→ YOUR OBJECTIVE:
Any picture must be dropped, but each line of the data should be duplicated exactly.

→ INFORMATION SUPPLIED:
┏━━
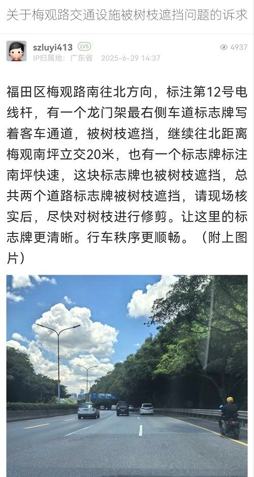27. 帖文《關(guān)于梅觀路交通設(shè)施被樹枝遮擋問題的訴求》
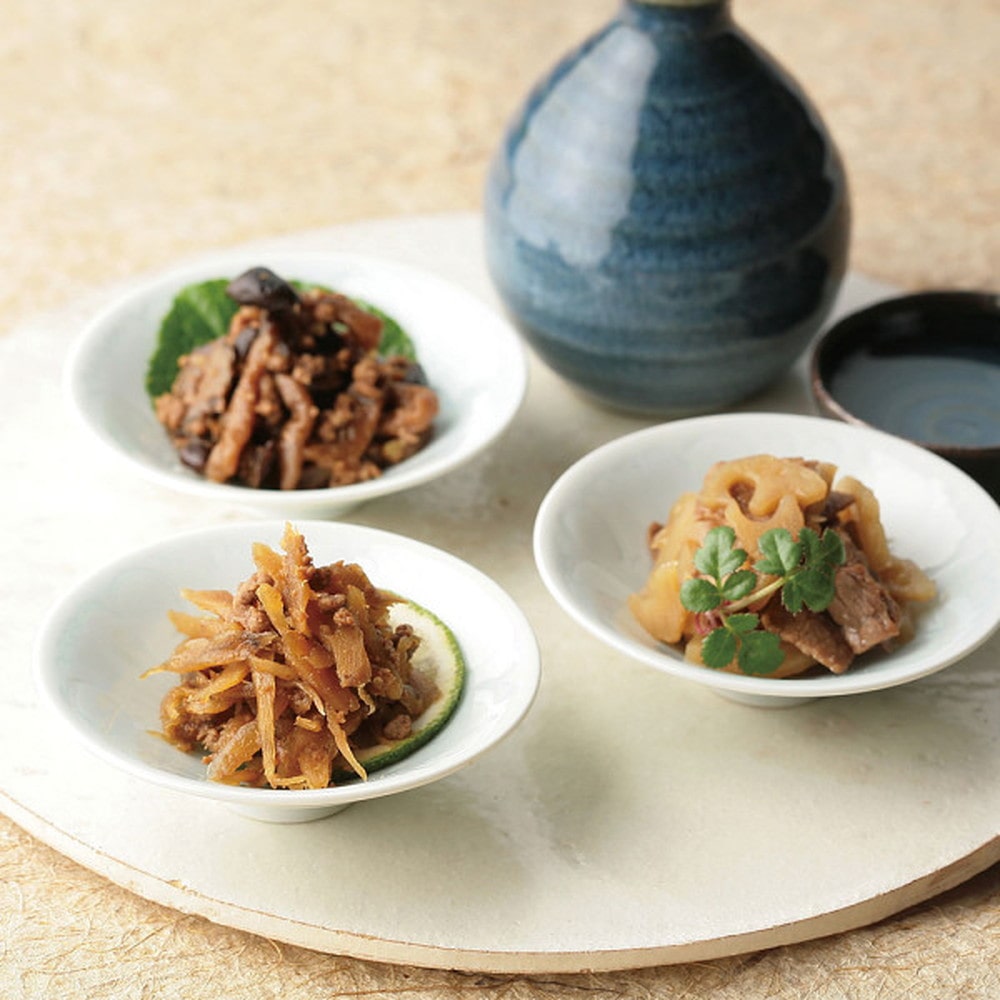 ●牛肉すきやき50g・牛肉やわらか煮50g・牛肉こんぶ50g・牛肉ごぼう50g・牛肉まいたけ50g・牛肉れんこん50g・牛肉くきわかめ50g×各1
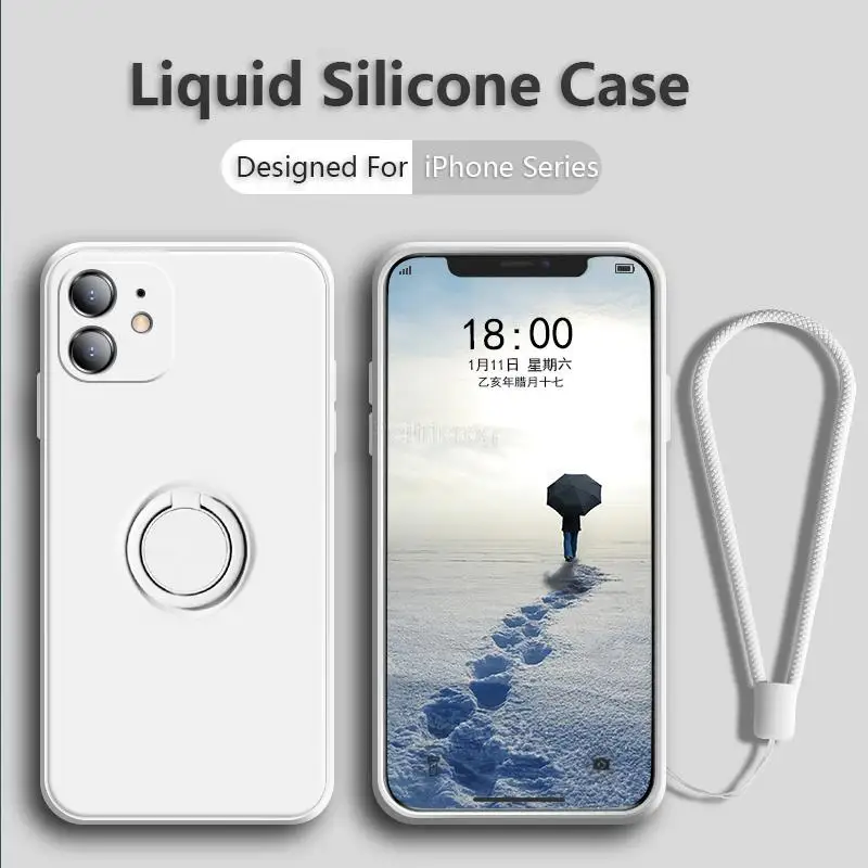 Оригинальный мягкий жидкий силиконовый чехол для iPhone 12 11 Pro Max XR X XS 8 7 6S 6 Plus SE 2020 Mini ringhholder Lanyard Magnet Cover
┗━━
→ YOUR SOLUTION:
27. 帖文《關(guān)于梅觀路交通設(shè)施被樹枝遮擋問題的訴求》
 ●牛肉すきやき50g・牛肉やわらか煮50g・牛肉こんぶ50g・牛肉ごぼう50g・牛肉まいたけ50g・牛肉れんこん50g・牛肉くきわかめ50g×各1
 Оригинальный мягкий жидкий силиконовый чехол для iPhone 12 11 Pro Max XR X XS 8 7 6S 6 Plus SE 2020 Mini ringhholder Lanyard Magnet Cover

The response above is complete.